# Changing picture on app?



## CityGirl (Nov 29, 2014)

Does anyone know how to change their profile picture on the Uber app (the one customers see?)
Thanks.


----------



## UberDude2 (Nov 19, 2014)

CityGirl said:


> Does anyone know how to change their profile picture on the Uber app (the one customers see?)
> Thanks.


You just have to email support with the replacement pic


----------



## CityGirl (Nov 29, 2014)

UberDude2 said:


> You just have to email support with the replacement pic


Thanks.


----------



## UBERxGc (Feb 8, 2015)

Easier to do through the app.
Help > account > update my photo

They will have to approve it before it actually changes.


----------



## UberXinSoFlo (Jan 26, 2015)

Does anyone know (thehappytypist ?) how strict they are on pictures?

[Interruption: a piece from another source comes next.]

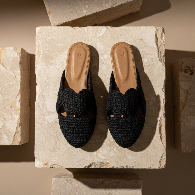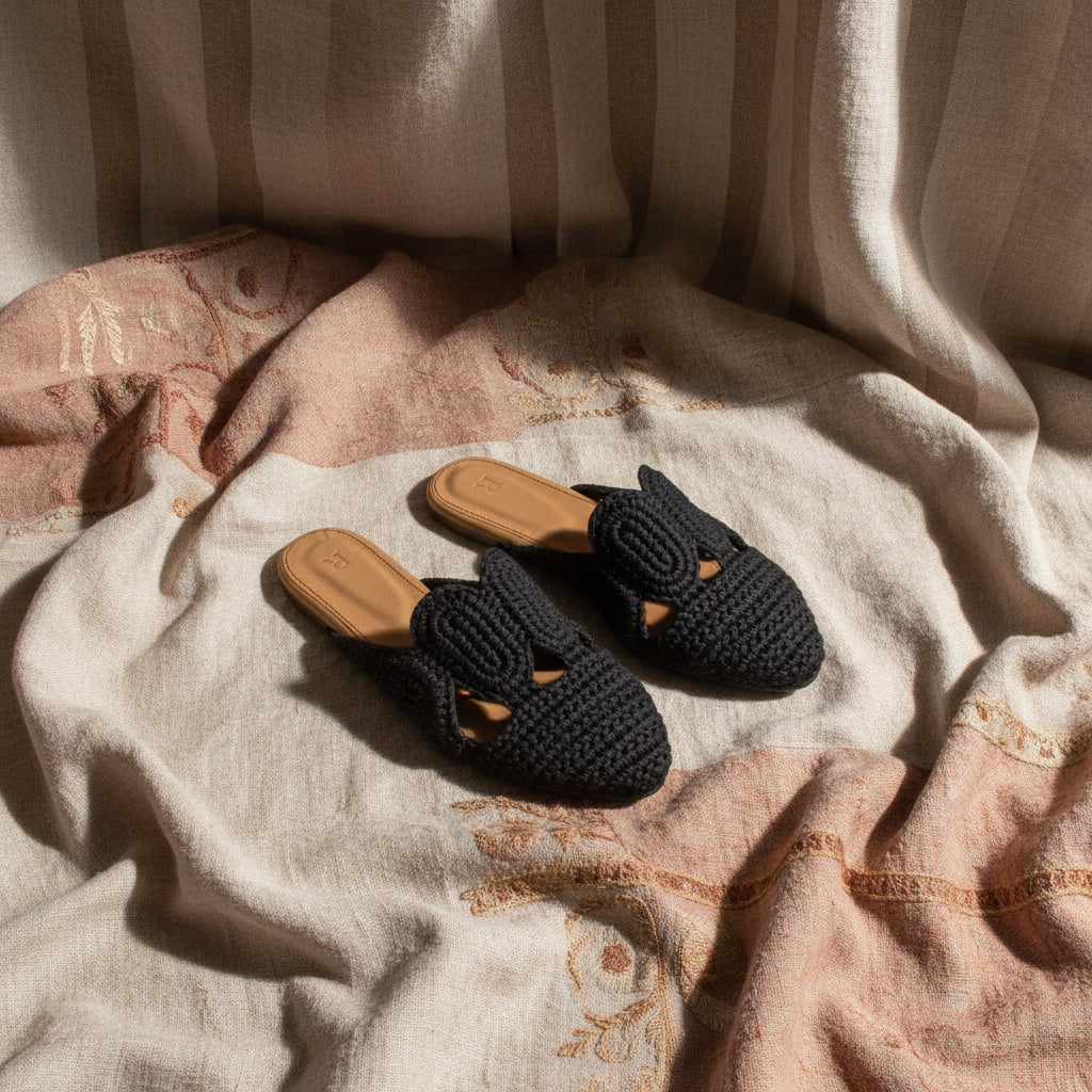 Balah handmade. Introducing a new hand technique . Manufactured in natural brown leather sole inside out , blackncolor threading in our classic style covered with crochet that takes up to 6 hours to complete one pair. Comfortable for your everyday wear from our Resort’20 collection.

I thought it would be really funny to put a chauffeur uniform (suit, hat, gloves) on and take my pic in one of these


----------



## Tim In Cleveland (Jul 28, 2014)

No, you can't pose with props such as that school bus. People will be viewing a tiny picture of you so it is cropped to only be a headshot.


----------



## UberXinSoFlo (Jan 26, 2015)

Tim In Cleveland said:


> No, you can't pose with props such as that school bus. People will be viewing a tiny picture of you so it is cropped to only be a headshot.


That's what I figured, but just thought that would be a hilarious pic


----------



## thehappytypist (Oct 9, 2014)

Yes, they want a clear headshot. We're big fans of a thumbs up in the picture, though.


----------



## CityGirl (Nov 29, 2014)

Thanks, I thought there was a way to do it thru the app. However, it didn't accept my picture, maybe wrong format or something. Will submit via email. Thanks all.


----------